February 7, 2008
Why the Great MapReduce Debate broke out
While chatting with Mike Stonebraker today, I finally understood why he and Dave DeWitt launched the Great MapReduce Debate:
It was all about academia.
DeWitt noticed cases where study of MapReduce replaced study of real database management in the computer science curriculum. And he thought some MapReduce-related research papers were at best misleading. So DeWitt and Stonebraker decided to set the record straight.
Fireworks ensued.
Comments
5 Responses to “Why the Great MapReduce Debate broke out”
Leave a Reply
I think another reason is that the people publishing papers about MapReduce have not been citing earlier research, particularly DeWitt’s earlier research. In the academic world, including such citations is very important, and leaving them out, especially when you have been told about them and thus are clearly aware of them (DeWitt has done that), would be considered unethical and improper, by the rules of academia. This makes a lot of sense, considering how academic careers are advanced, and so on.
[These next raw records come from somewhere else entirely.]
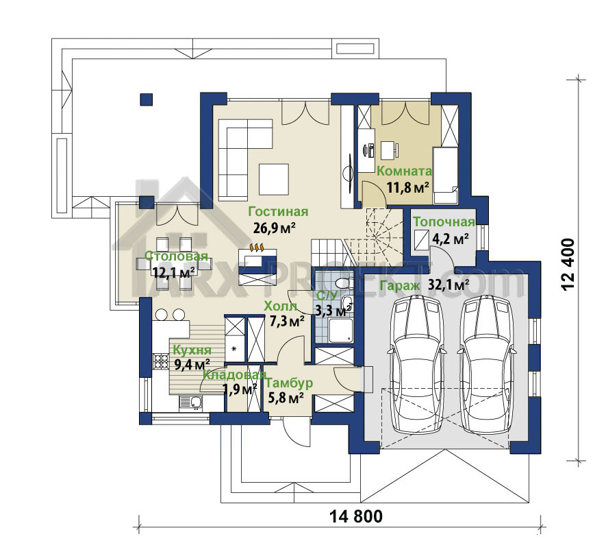 Проект дома «Артем 2» есть также в версии с гаражом на один автомобиль «Артем«.
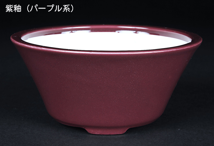 色鮮やかな発色と高品質な仕上がりが魅力の静和富造。某商社が輸出用に日本国内で作らせたものですが訳あって納品に至らず、小社がそれを一括購入。それにより高品質な日本鉢ながらリーズナブルな価格の静和富造ブランドが誕生しました。原産地は定かではありませんが、胎土を見る限り瀬戸か清水(京焼)と思われ、釉薬の仕上がり、特に紫釉や珊瑚釉の特徴的な色合いから、京焼ではないかと予想されます。実際に盆栽業界では京焼として流通しています。  高温でしっかり焼成された磁器のボディは適度な薄さで仕上げてあり、使い勝手の良さと耐久性を見事に両立しています。その品質の高さはプロからも高い評価を得ています。釉薬・型・大きさとバリエーションの豊富さも大きな魅力。高品質な日本鉢ながらリーズナブル、色鮮やかな静和富造であなたの樹に彩りを与えて下さい。
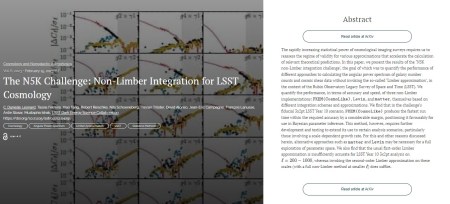 The latest paper is the 8th paper in Volume 6 (2023) as well as the 73rd in all. This one is another one for the folder marked Cosmology and Nongalactic Astrophysics. The title is “The N5K Challenge: Non-Limber Integration for LSST Cosmology”. The paper is about ways of avoiding using the ubiquitous Limber Approximation which, I discovered this morning, is now 70 years old, Nelson Limber’s original paper on the subject having been published in January 1953.
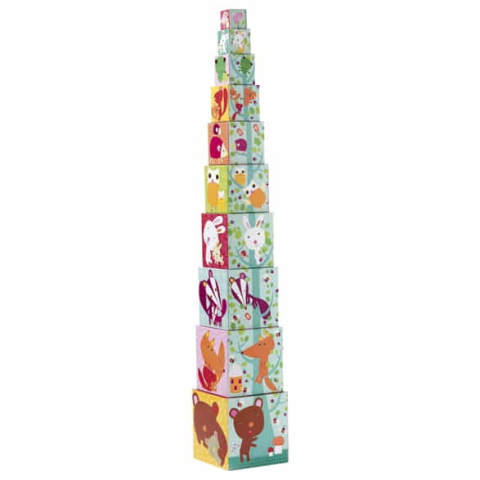 Djeco 10 forest blocks - Toronyépítő kocka, erdei állatok. Állattani és matematikai ismereteket bővítő építőjáték, melyben a gyermekek játszva tanulják meg a különböző állatok neveit és élőhelyeit, fejlesztik megfigyelőképességüket és megismerkednek a szá
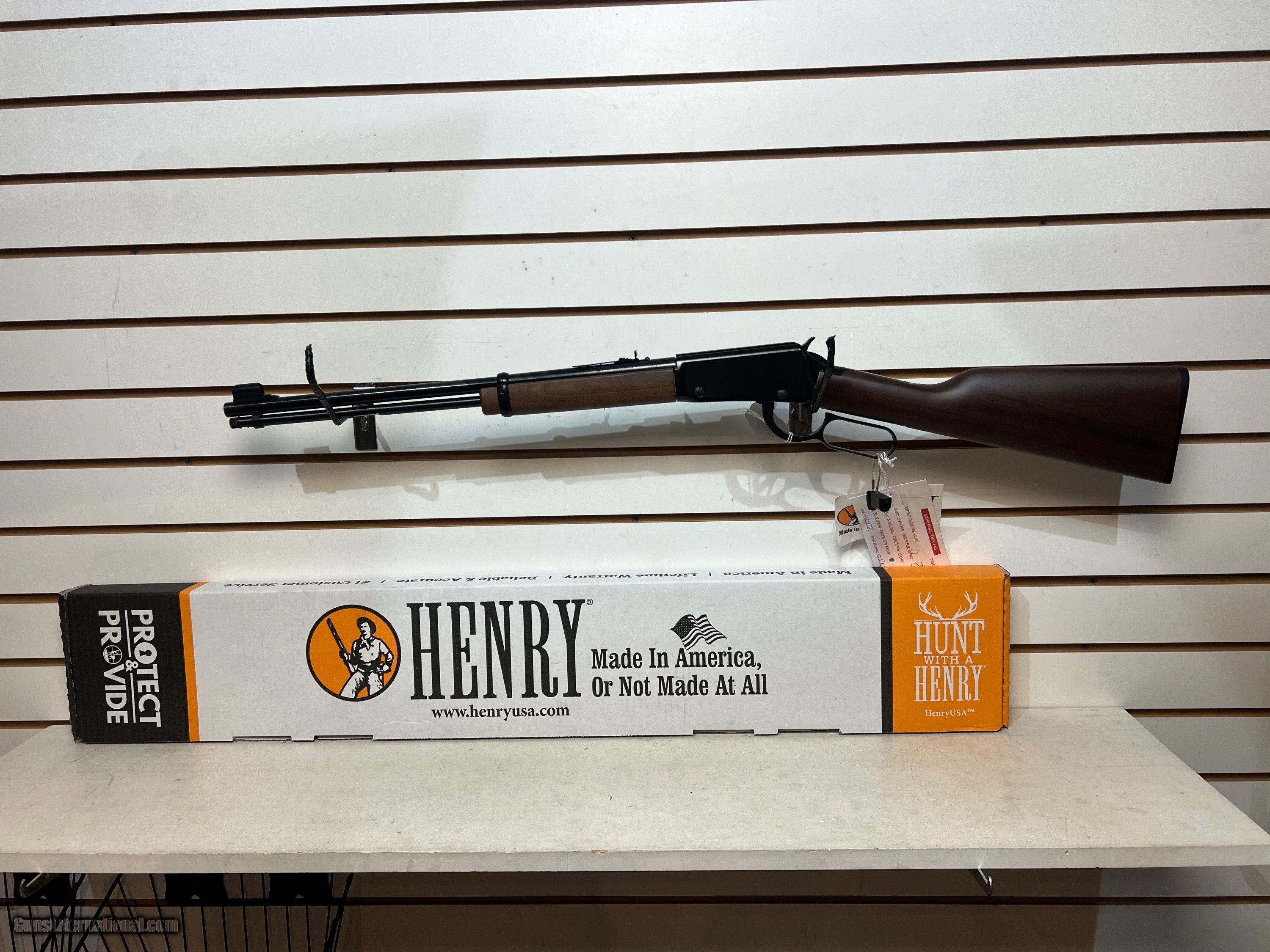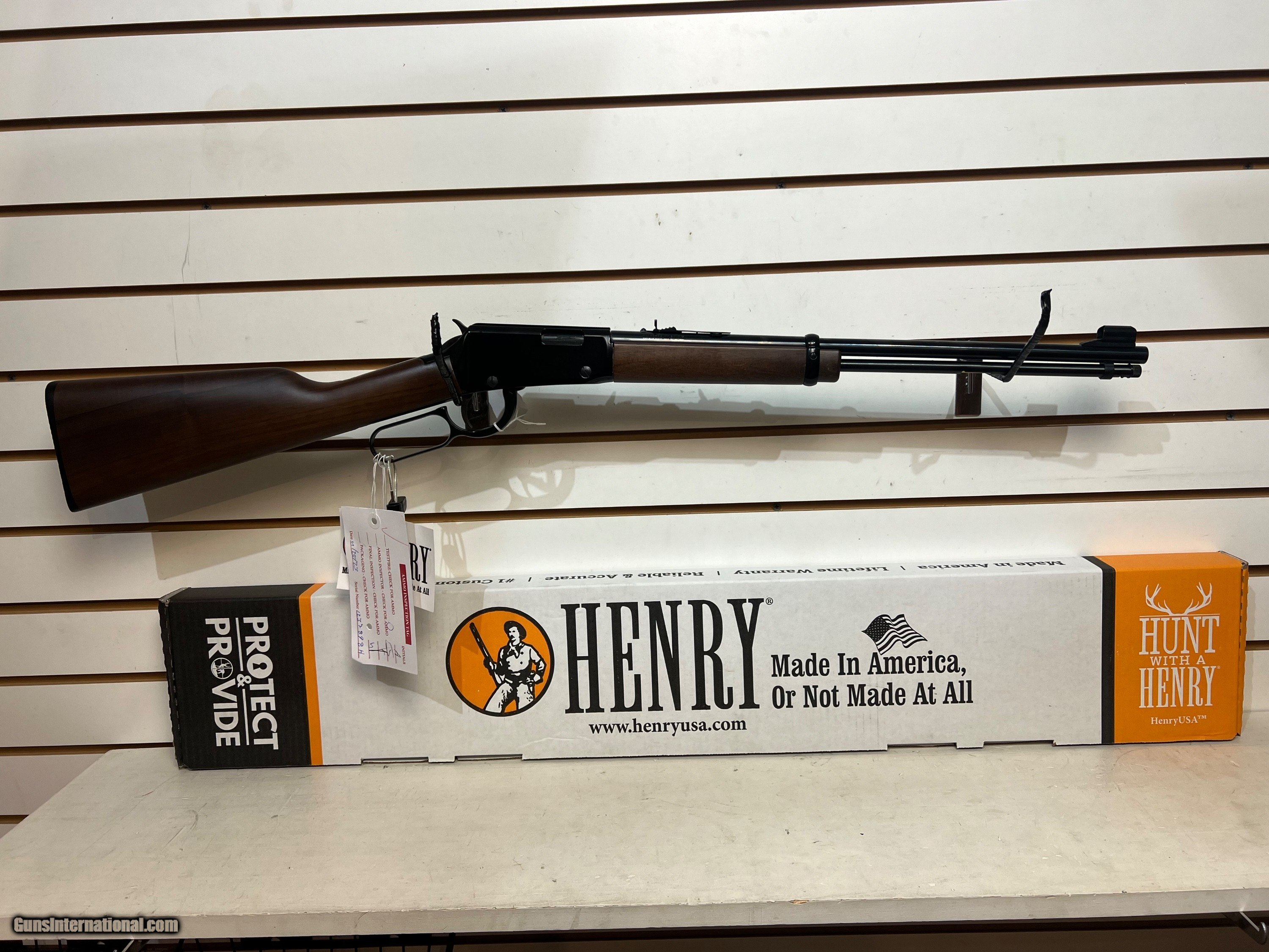 Description: new HEN STANDARD LVR 22LR new in box (CALIBER:22LR); (MAG CAPACITY:15+1); (MODEL SERIES:HENRY LEVER); (CAPACITY:15+1); (FINISH:BLUE); (STOCK:WALNUT STRAIGHT NON-CHECKERED); (SIGHTS:FRONT: HOODED REAR: ADJUSTABLE); (OVERALL LENGTH:36.5); (FEATURES:BARREL BAND/ TUBULAR MAGAZINE); (GUN TYPE:RIFLE: LEVER ACTION); (ACTION:LEVER ACTION); (BARREL LENGTH:18.25); (DEPT:LONG) Buyer pays shipping Millers Gun Center Located in New Castle, Delaware "Home of TAX-Free shopping" No Credit Card Fees Send Gun international inquiry and then call 302-328-9747 to complete your purchase SOLD Serial Number: 1237898H |

Possibly the writers of the MapReduce papers don’t see it that way, but that’s just guessing.
Its about time. 😉 A few months back we had an interesting discussion about XLDB at Stanford and different technologies and approaches used to manage extra large data volumes. MapReduce is very flexible algorithm for certain types of processing, it has been around for many years (or should I say decades) and is pretty much embedded in couple database products. The interesting part many forget to mention: Its rather expensive and in many cases there are alternatives that can be executed much quicker and cheaper. e.g. Hash Joins
MapReduce is pretty much the 4-5th choice for a modern cost based optimizer. MapReduce has gotten ‘famous’ again because a few companies have custom built solutions based on it. There are public white papers on the internet about solutions that throw together 1800+ pizza boxes to perform MapReduce functions on large data volumes. While the processing rates at peak time are pretty impressive, the overhead of redistribution and non-scaleable steps is rather big leaving a lot to be desired about the parallel efficiency of such solutions.
If efficiency is the concern, shouldn’t that be measured in terms of work done per dollar, not work done per box? How much does a 1,000 node proprietary RDBMS cluster cost and what is the uptime for it?
Major factors in price/performance include:
Performance
Cost of boxes
Cost of software
Maintenance of boxes
Maintenance of software
Administrative cost
Energy cost (sometimes the biggest cost factor of all)
That said, if you have a task for which RDBMS work well, you probably should use RDBMS. Writing your own RDBMS-substitute is probably not the way to go, although opinions about that split among the web biggies: Google loves its MapReduce; Yahoo and eBay seem to favor commercial products; and Amazon seems to like lots of different database products, including its own SimpleDB.
Actually, I imagine the story is more mixed at all of them. E.g., I’m sure one could justify just about any label one wants for Yahoo’s use of MySQL.
CAM
With all the experience in massive parallel systems out there I don’t understand how people still overlook the most important factor: parallel efficiency. From the moment you throw workload at an MPP system, how many systems/cpus did fully participate in the work. A system with 1000++ cpus is very vulnerable for huge variations in throughput whenever you run below 100% PE. You can actually see that on the charts for the grep test. The MPP system reaches its processing peak only for a brief few seconds. That leads to massive throughput problems.
To have 1800 server (given that they are older generation) spend 200 secs for a simple pattern match on 10^10 records or about 1TB of data should be really disappointing. Any of the common MPP systems can match that throughput with 4-12 servers or nodes. Therefore they would have to be about 250x more costly to match the MapReduce configuration in cost. Similar for the sort.
Its all about the TCO. A good balance between CPU,IO and interconnect is required to make algorithms perform well.
Lets not forget the usage of such systems. Today’s advanced SQL implementations put all of that processing power at the finger tips of a data analyst – many of them without programming background. And with User defined functions you can add any map/reduce logic you desire with plain C/C++ code and make it available to all users of the rdbms.